**WORK INSTRUCTION**
What the task requires is an exact printout of the listing below, pictures excluded.

**INFORMATION PROVIDED**
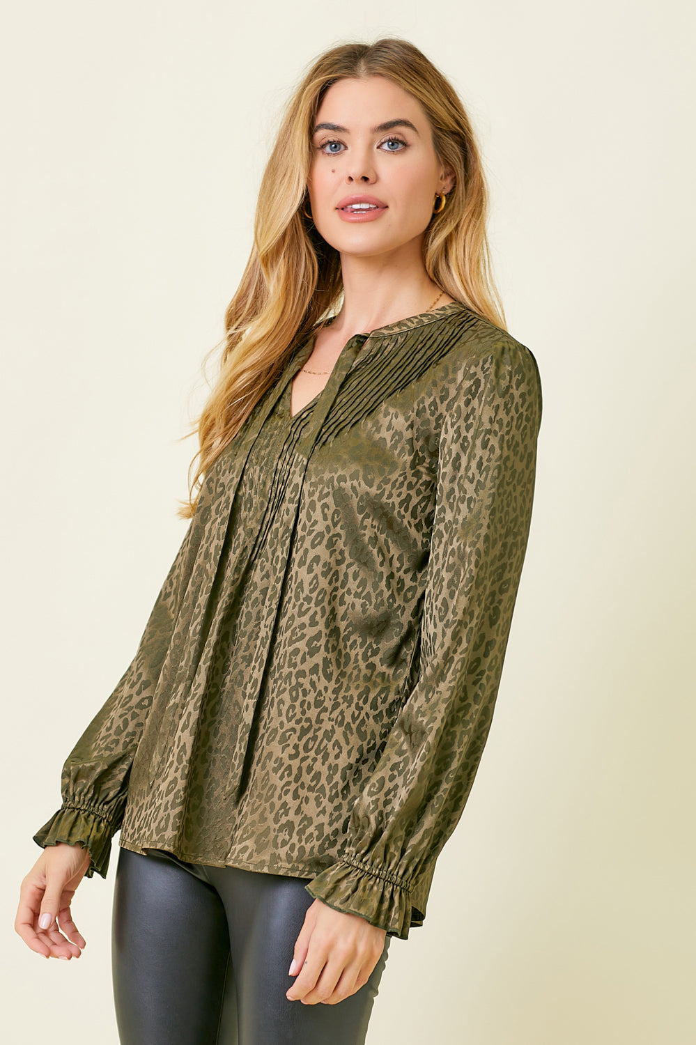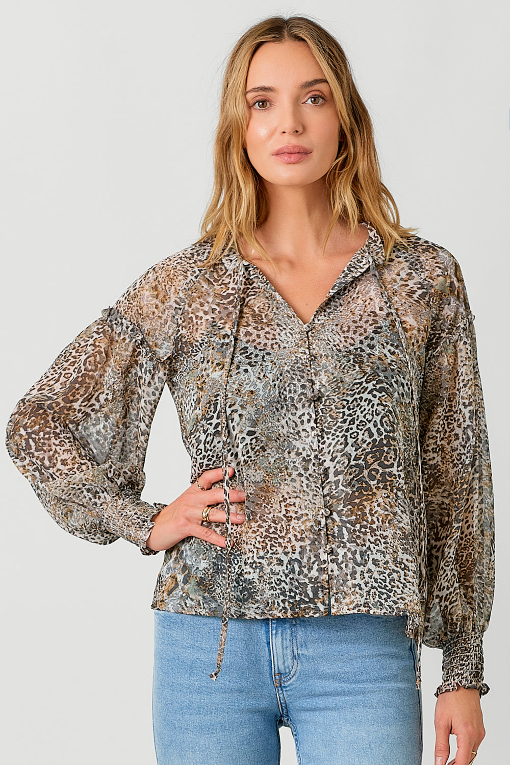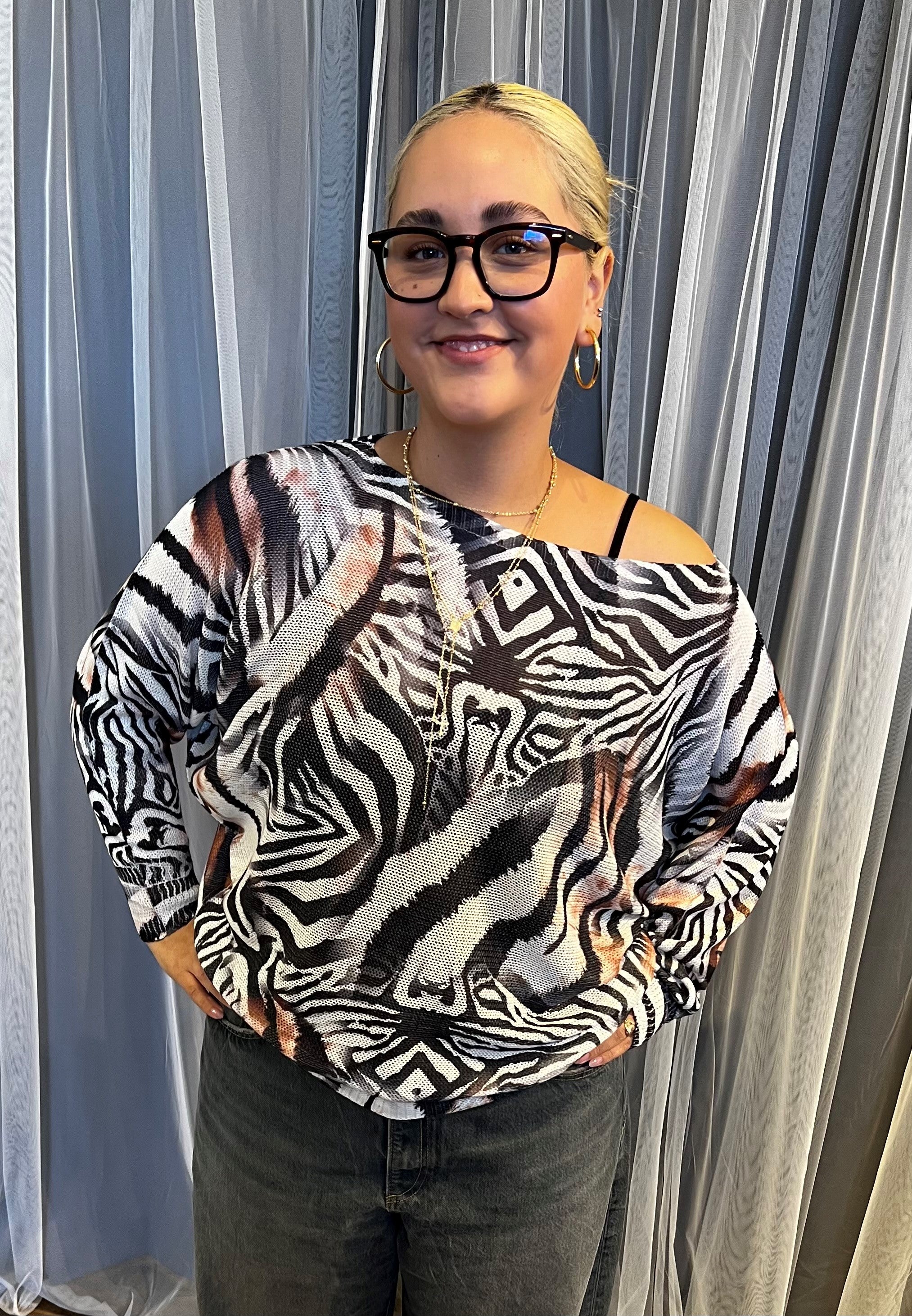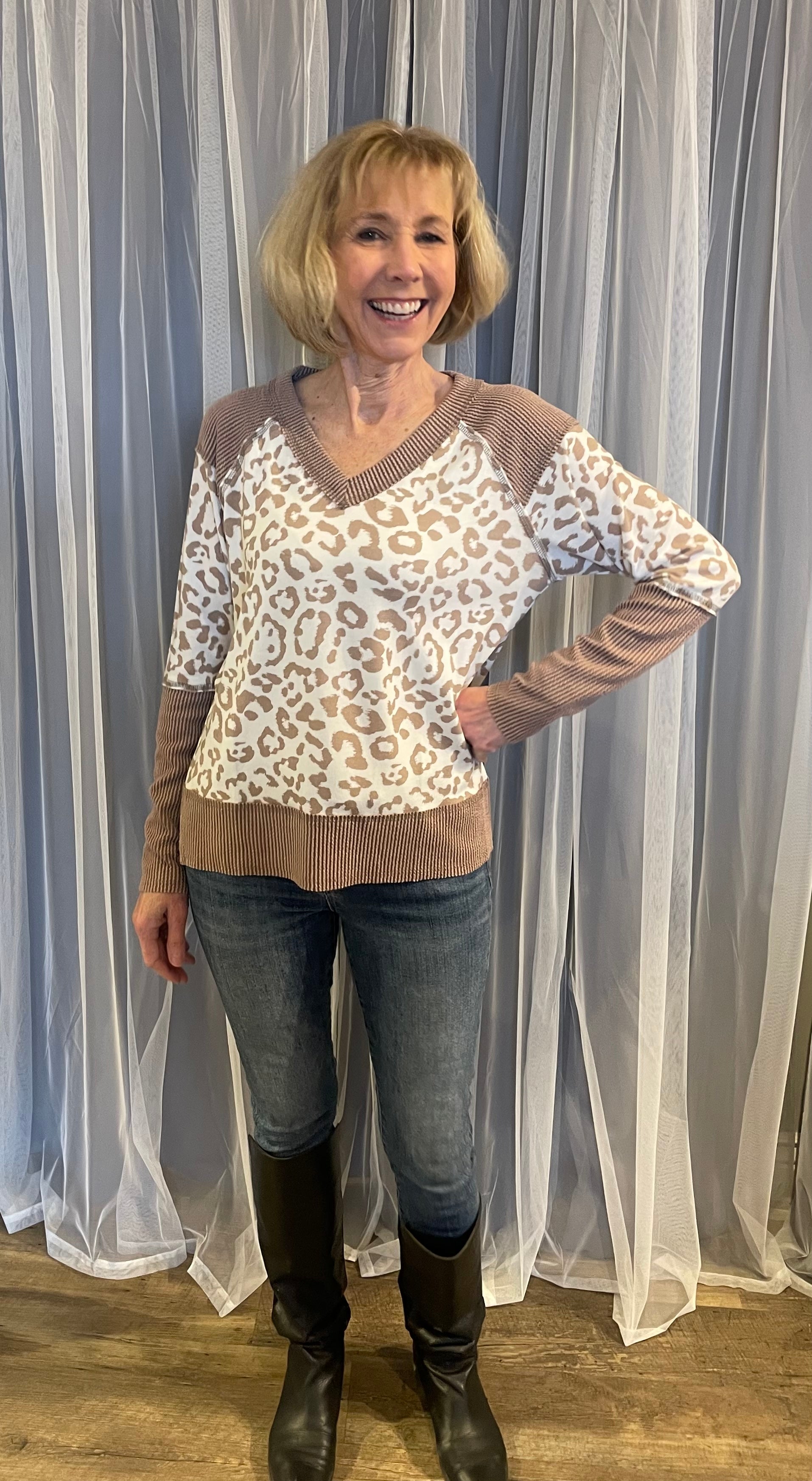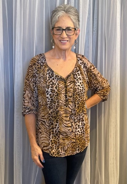 Animal Print Top W/ Lining and 3/4 Sleeve
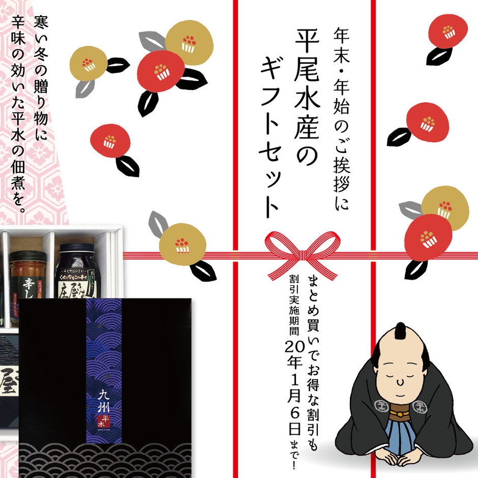 水産物製造加工販売事業を展開する株式会社平尾水産(所在地:福岡県北九州市、代表取締役:灰原 宣明)は、2019年11月8日(金)~2020年1月6日(月)の期間、お歳暮・お年賀のギフトセットのまとめ買い割引キャンペーンを実施いたします。
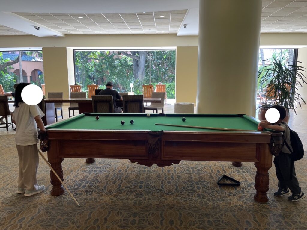 元気いっぱいな子どもたちは、ここのビリヤードコーナーに夢中に!

**TASK ANSWER**
 Animal Print Top W/ Lining and 3/4 Sleeve
 水産物製造加工販売事業を展開する株式会社平尾水産(所在地:福岡県北九州市、代表取締役:灰原 宣明)は、2019年11月8日(金)~2020年1月6日(月)の期間、お歳暮・お年賀のギフトセットのまとめ買い割引キャンペーンを実施いたします。
 元気いっぱいな子どもたちは、ここのビリヤードコーナーに夢中に!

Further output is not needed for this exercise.